#### [Action item]
Each entry below must be repeated exactly, with pictures left out.

#### [Given records]
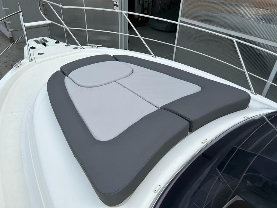 Bimini top + sprayhood koji je spojen sa radarskim lukom i zatvara kormilarnicu u slučaju loših vremenskih uvijeta , krmeni bimini iznad sunčališta ,originalna zimska tenda koja zatvara brod preko vjetrobrana do zadnje platforme.Plovilo je doslovno perfektno , opremljeno do zadnjeg detalja , iznimno očuvano , motor i strojarnica su u stanju novog i sve je upravo servisirano i konzervirano.
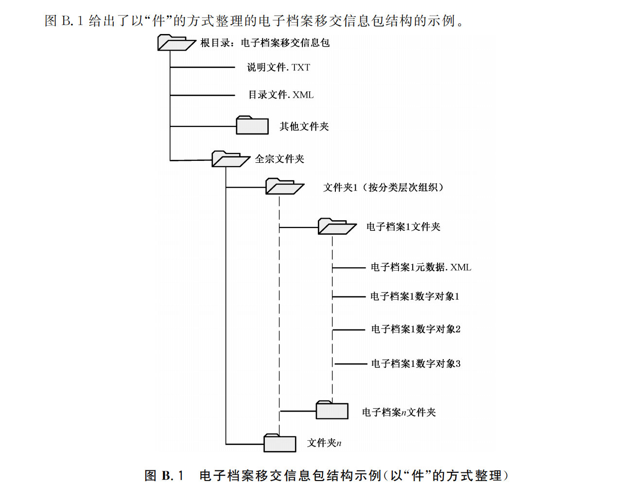 图 B.1 中的全宗文件夹下,按分类层次组织文件夹,电子档案文件夹以档号命名,存放电子档案内容数据及其元数据。
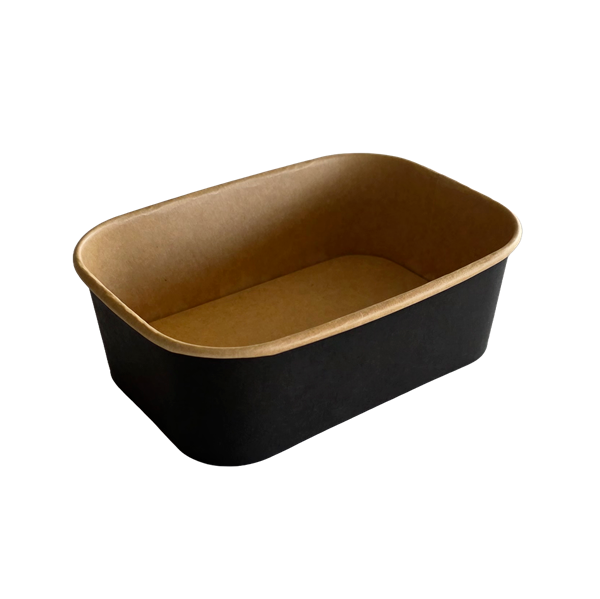 Bac rectangulaire en carton recyclable et biodégradable, idéal pour produits froids et chauds. Aptes pour le micro-ondes. Résiste aux graisses.
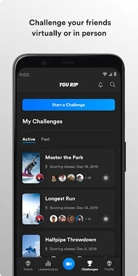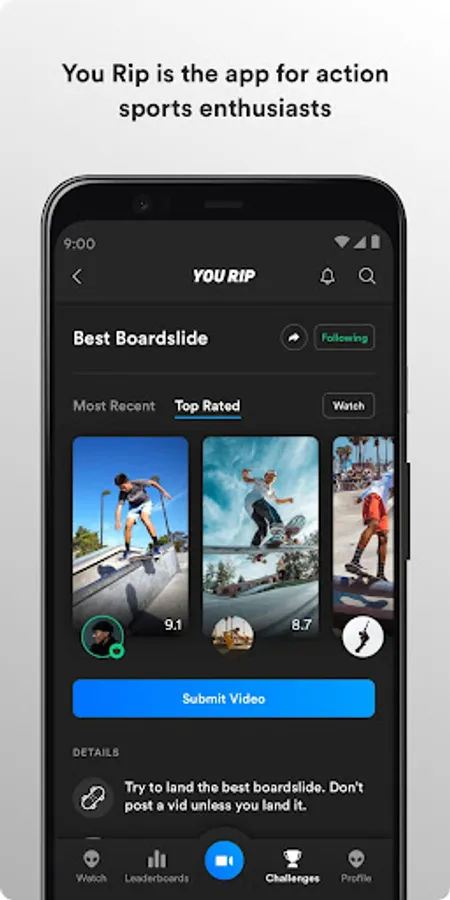 • Submit videos that meet the challenge criteria, and compete for ratings - with the results ultimately determined by other You Rip users.
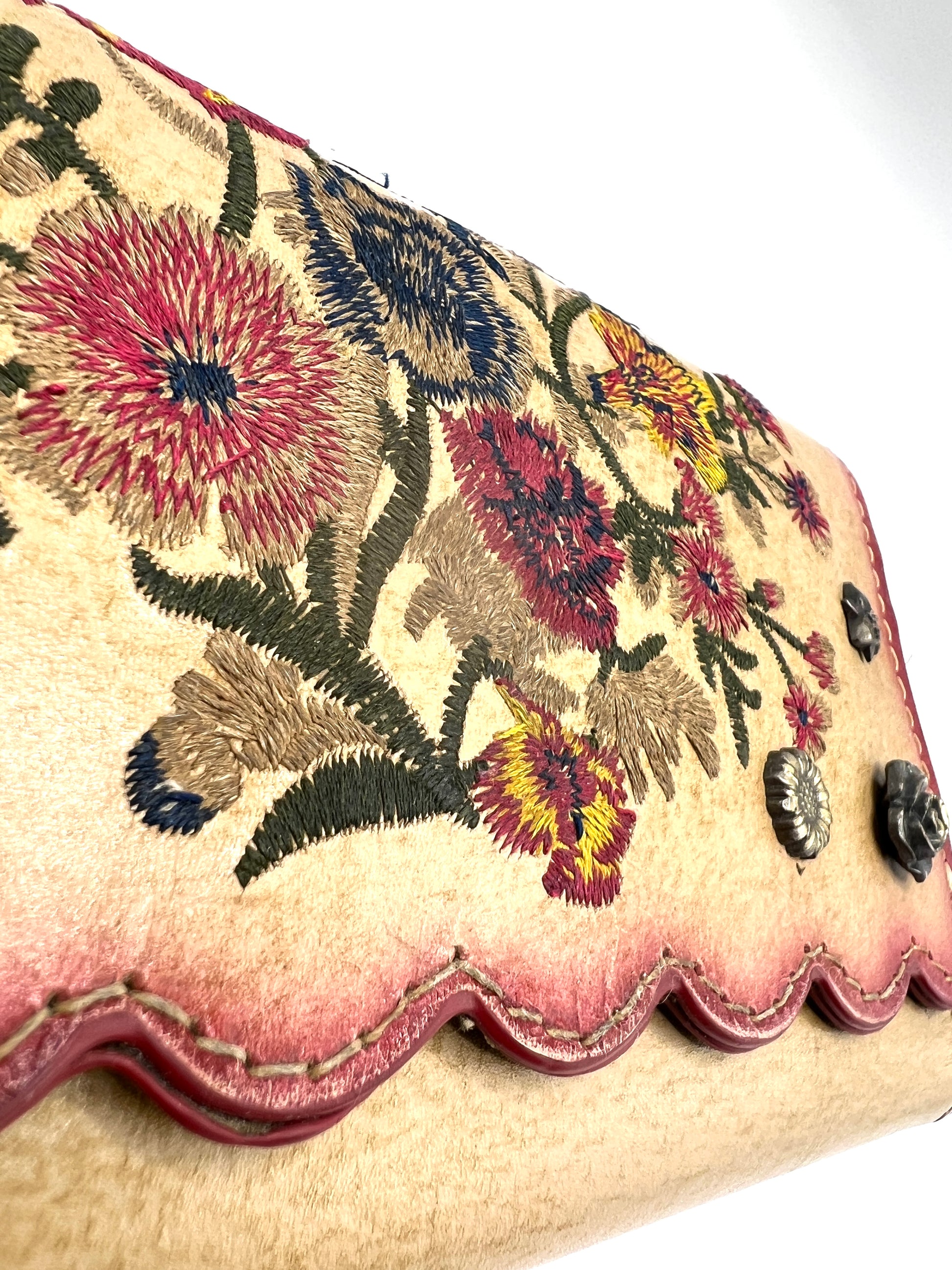 Color: Prairie Rose floral on neutral background Material: Leather (hand-stitched, embroidered detail)
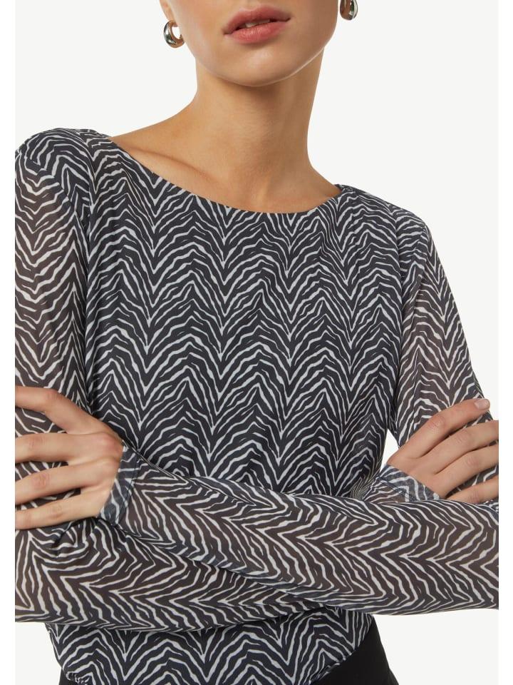 Изысканная прозрачность: эта сетчатая рубашка с длинными рукавами и сборками по бокам станет вашим новым акцентом. Круглый вырез горловины и облегающий крой подчеркнут ваш силуэт, а принт по всей поверхности добавит современный штрих. Трикотажная подкладка обеспечит комфорт. Носите ее с джинсами в непринужденном стиле или надевайте с блейзером для вечернего выхода.

#### [Output of the task]
 Bimini top + sprayhood koji je spojen sa radarskim lukom i zatvara kormilarnicu u slučaju loših vremenskih uvijeta , krmeni bimini iznad sunčališta ,originalna zimska tenda koja zatvara brod preko vjetrobrana do zadnje platforme.Plovilo je doslovno perfektno , opremljeno do zadnjeg detalja , iznimno očuvano , motor i strojarnica su u stanju novog i sve je upravo servisirano i konzervirano.
 图 B.1 中的全宗文件夹下,按分类层次组织文件夹,电子档案文件夹以档号命名,存放电子档案内容数据及其元数据。
 Bac rectangulaire en carton recyclable et biodégradable, idéal pour produits froids et chauds. Aptes pour le micro-ondes. Résiste aux graisses.
 • Submit videos that meet the challenge criteria, and compete for ratings - with the results ultimately determined by other You Rip users.
 Color: Prairie Rose floral on neutral background Material: Leather (hand-stitched, embroidered detail)
 Изысканная прозрачность: эта сетчатая рубашка с длинными рукавами и сборками по бокам станет вашим новым акцентом. Круглый вырез горловины и облегающий крой подчеркнут ваш силуэт, а принт по всей поверхности добавит современный штрих. Трикотажная подкладка обеспечит комфорт. Носите ее с джинсами в непринужденном стиле или надевайте с блейзером для вечернего выхода.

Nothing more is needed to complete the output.